The first Lange Nacht der Museen took place in Berlin in 1997. The concept was very well received. In 2005 the Council of Europe, UNESCO and the International Council of Museums joined to promote this event with the goal of improving access to culture.

Museum Night takes place on the third Saturday of May. Most recently in 2021, some 1200 museums in 120 cities throughout Europe, as well as other nations including Argentina and the Philippines, welcomed nearly 2 million visitors to their collections.

== Participants ==

=== Europe ===

- Lange Nacht der Museen in Berlin and other cities of Germany including Cologne, Frankfurt, Stuttgart, Düsseldorf, Munich, Hamburg, Kassel and Heidelberg/Mannheim/Ludwigshafen
- Nuit Blanche in Paris, and La Nuit des Musées in France
- Museumnacht event in Amsterdam, Netherlands
- Coordinated long nights in Austria, Italy and Liechtenstein, organized by ORF
- In Switzerland long nights have taken place in Basel, Bern, Lucerne, St. Gallen and Zürich. Some Nuits des musées are also organized in Lausanne, Fribourg and Geneva.
- Noc Muzeów in Poland, where the first edition took place in 2003 in Poznań in the Poznań National Museum; now over 150 cities and towns take a part in this event.
- Múzeumok Éjszakája in Hungary
- "Night of museums and galleries" in Bulgaria, "The Night" has become a successful cultural product - emblematic for Sofia and Plovdiv - that attracts tens of thousands of visitors.
- Museums at Night in the UK, including museums in Great Yarmouth
- La nit dels museus in Barcelona, Spain
- Museum Night Fever in Brussels, Belgium
- Noć muzeja in Croatia, since 2005, where admission fees to all venues are waived for the night.
- Pražská muzejní noc in Prague, Czech Republic
- ღამე მუზეუმში in Georgia, since 2015
- Muziejų naktis in Lithuania, since 2005
- Ночь музеев in Russia,
- Noaptea muzeelor in Romania,
- Ноћ музеја / Noć muzeja in Serbia, since 2005
- Muzeju nakts in Latvia, since 2005
- Թանգարանային գիշեր in Armenia, since 2005
- Museoiden yö in Tampere, Finland, since 2008
- Muuseumiöö in Estonia, since 2009
- Noc múzeí a galérií in Slovakia
- Ніч музеїв in Ukraine, since 2009
- Ноћ музеја / Noć muzeja in Republic of Srpska, Bosnia and Herzegovina, since 2006

=== Latin America ===
- La Noche de los Museos in Buenos Aires, Argentina, where first edition took place in 2004. Since then, the number of museums and "barrios" (neighbourhoods) participating in the event has risen considerably. The 2013 edition featured 189 museums and cultural institutions that received more than 800,000 visitors.

=== Asia ===
- Gabii sa Kabilin or Night of Heritage in Cebu, Philippines, started in 2007, first in the Asia-Pacific Region
- Nuit Blanche (白晝之夜) in Zhongzhen Dist, Taipei, Taiwan, started in 2016. The first Nuit Blanche Taipei was held in 2016 which was invited by Bureau Français de Taipei. To highlight Taipei’s art capacity internationally, this event links Taipei and international cities, increasing international cultural capital exchange and raising the city’s international profile through varied cultural performances. The 7th Nuit Blanche is in Shihlin Dist, Taipei held on 2 October to 3 October 2022.

==History==
The current all-night festivals trace their roots to several cities.
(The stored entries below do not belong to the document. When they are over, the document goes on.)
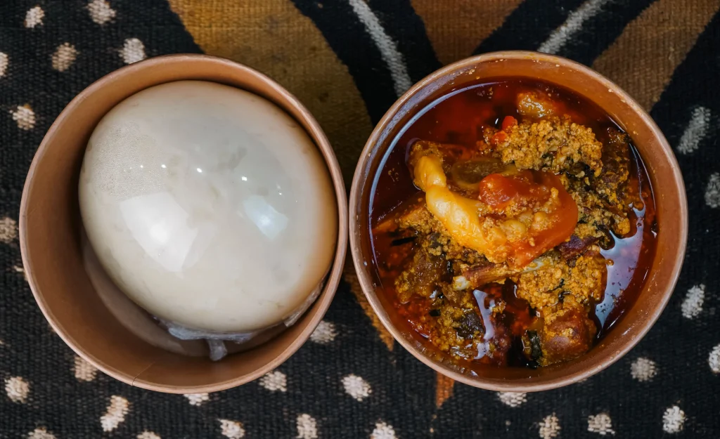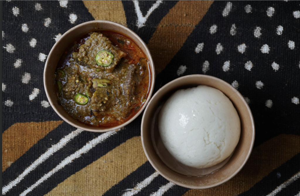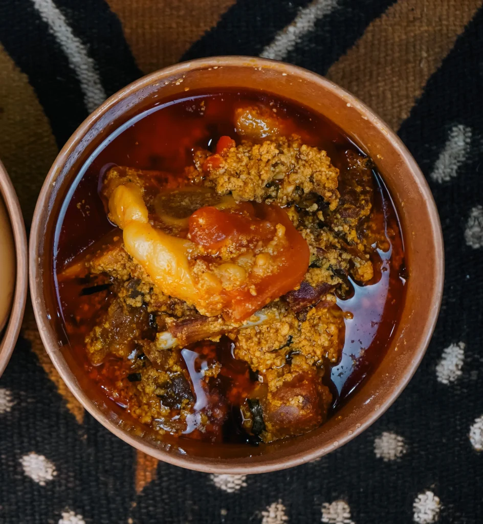 Nigerian stew of mashed & spiced melon seeds, Nganda spiced Beef tripe, Chicken and Goat served with Fufu
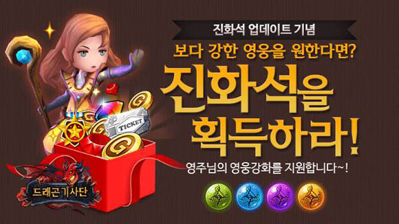 ... 이는 영웅의 전당 하단 영웅진화를 클릭해 원하는 영웅을 선택하고 필요한 진화석의 종류와 개수를 충족시키면 진행되는 형태다. 이 아이템은 던전 영웅의 탑의 보스 스테이지에서 지급되는 완료 보상으로 획득 가능하고 상점 뽑기를 통해서도 얻을 수 있다. 이와 함께 진화석 업데
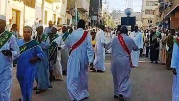 كما بدأ أبناء الطريقة المرغنية الختمية بمحافظة أسوان، مساء اليوم الجمعة، "طوفة المولد" أو مسيرة احتفالية بالمولد النبوى الشريف شارك فيها العديد من المريدين والمحبين ضمن احتفالات الطرق الصوفية بالمولد النبوى.
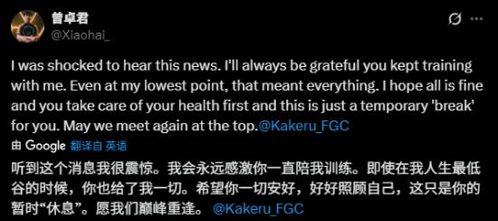 得知翔退役后,小孩曾卓君也在推特上发文,与这位亦敌亦友的选手告别。“得知这个消息我十分震惊。永远感激你与我共同训练,在我人生的低谷时期这就是一切。希望你一切安好,照顾好自己。这只是暂时的休息,愿我们能在巅峰再次相逢。”
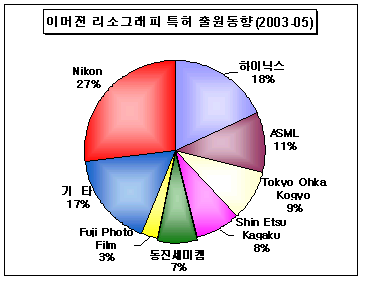 물은 공기보다 큰 굴절률로 인해 해상도를 크게 높일 수 있고, 또렷한 영상을 얻을 수 있는 렌즈에서 상까지의 거리를 늘려주는 장점이 있지만, 웨이퍼가 리소그래피 기계 아래에서 빠른 속도로 움직이는 동안 만들어지는 작은 물방울들이 반도체 회로의 이미지에 치명적인 흠이 가게 할 수도 있다. 따라서 이머젼 리소그래피 기술 가운데서도 불량의 원인인 물속의 미세한 기포를 억제하는 기술, 물속에 잠겨서도 안정한 해상도가 가능한 재료, 프로세서 등의 개발에 귀추가 주목되고 있다. 1980년부터 이머젼에 관한 연구가 간혹 있어 왔으나, 현재의 불소화 아르곤 레이저(ArF) 광원을 포함하는 이머젼 리소그래피 관련기술은 EU, 일본, 독일 등에 의해 2002년부터 본격적으로 개발되기 시작했으며, 국내에는 2003년 이후 출원되기 시작했다. 특허청에 따르면, 이머젼 리소그래피 관련기술은 2003-05년 총 163건이 출원됐으며, 단순 리소그래피장치 유사관련 기술을 제외한 핵심 이머젼 리소그래피 관련기술 특허출원은 100건으로, 2003년 11건, 2004년 47건, 2005년 42건이 출원됐다. 출원인별로는 해외기업의 출원이 전체의 72%, 국내기업의 출원이 28%를 차지했다. 해외기업으로 Nikon, ASML Netherlands B.V, Canon 등은 노광장치 및 디바이스제조 관련기술에, Tokyo Ohka Kogyo, Shin Etsu Kagaku 등은 레지스트재료 관련기술에 집중하고 있는 것으로 나타났다. 국내기업으로 동진세미켐은 이머젼 리소그래피 전용 레지스트 재료에, 하이닉스반도체는 레지스트 재료 뿐만 아니라 노광장치 관련기술에서 선두적인 역할을 하고 있는 것으로 조사됐다. 특허청 관계자는 “이머젼 리소그래피를 이용한 기술은 2003년을 전후로 국내외 반도체 산업계에서 기존 사진 현상 방식의 미세화 한계점을 극복하기 위한 차세대 기술로서 요구와 관심이 급속히 높아지고 있다”며 “2009년경에는 상업용으로 생산될 것으로 예상된다”고 밝혔다. 표, 그래프: | 이머젼 리소그래피 특허 출원동향(2003-05) | <화학저널 2006/06/28> |
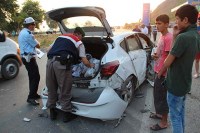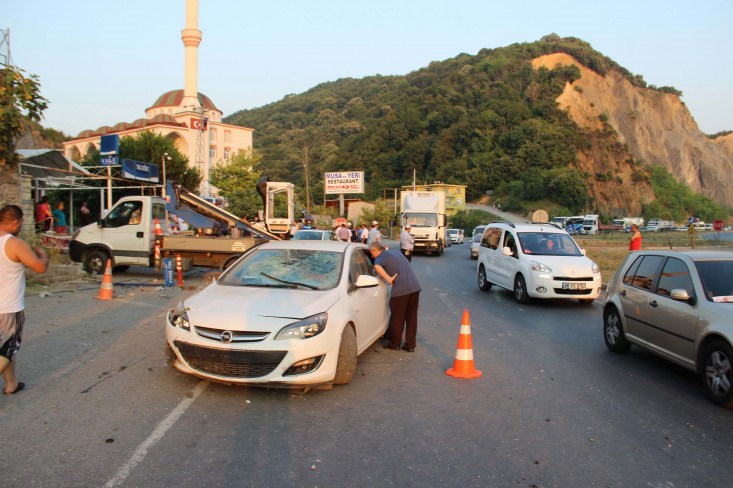 yerde sürekli kaza meydana gelmesi üzerine mahalle sakinleri otomobilden yaralı
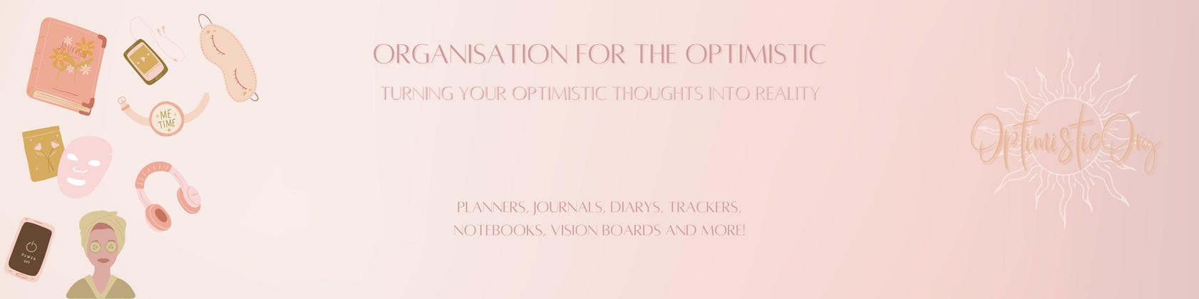 Through a series of planners, trackers, vision boards, journals and much more, I have curated the perfect stepping stones for all my fellow optimists to take control and organise their lives to help anyone achieve anything they imagine.

The first Long Night of Museums took place in the newly re-united Berlin in 1997 with a dozen participating institutions and exhibitions; since then the number has risen to 125 with over 150,000 people taking part in the January 2005 night.
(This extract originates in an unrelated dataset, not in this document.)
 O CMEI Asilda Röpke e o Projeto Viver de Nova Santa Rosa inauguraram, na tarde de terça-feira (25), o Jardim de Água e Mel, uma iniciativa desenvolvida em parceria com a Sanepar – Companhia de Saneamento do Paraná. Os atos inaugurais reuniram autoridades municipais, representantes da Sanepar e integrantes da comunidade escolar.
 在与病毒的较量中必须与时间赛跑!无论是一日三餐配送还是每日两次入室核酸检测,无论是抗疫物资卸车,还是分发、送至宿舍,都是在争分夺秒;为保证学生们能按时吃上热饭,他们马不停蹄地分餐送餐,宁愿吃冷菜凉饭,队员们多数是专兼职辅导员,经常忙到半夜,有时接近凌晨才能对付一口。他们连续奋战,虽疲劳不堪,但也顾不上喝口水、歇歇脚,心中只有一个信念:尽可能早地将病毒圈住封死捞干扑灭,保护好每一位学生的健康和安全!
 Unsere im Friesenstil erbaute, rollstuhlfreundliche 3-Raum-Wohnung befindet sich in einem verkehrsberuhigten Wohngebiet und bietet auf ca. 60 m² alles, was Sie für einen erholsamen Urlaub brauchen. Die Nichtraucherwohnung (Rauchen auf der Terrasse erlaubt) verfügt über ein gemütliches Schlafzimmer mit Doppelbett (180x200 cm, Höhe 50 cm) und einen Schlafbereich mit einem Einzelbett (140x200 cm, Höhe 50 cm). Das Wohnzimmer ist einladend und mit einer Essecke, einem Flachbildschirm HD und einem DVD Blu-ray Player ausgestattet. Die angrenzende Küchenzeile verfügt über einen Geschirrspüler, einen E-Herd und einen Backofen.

It drew on a European heritage of all-night cultural events, such as the annual White Nights Festival, a long-standing cultural festival in St Petersburg.

The Mayor of Paris Bertrand Delanoë took this idea in 2002 and spread it to culture more broadly, including performing arts, and under the banner of Nuit Blanche (White Nights, and various related names) the concept has spread around the world.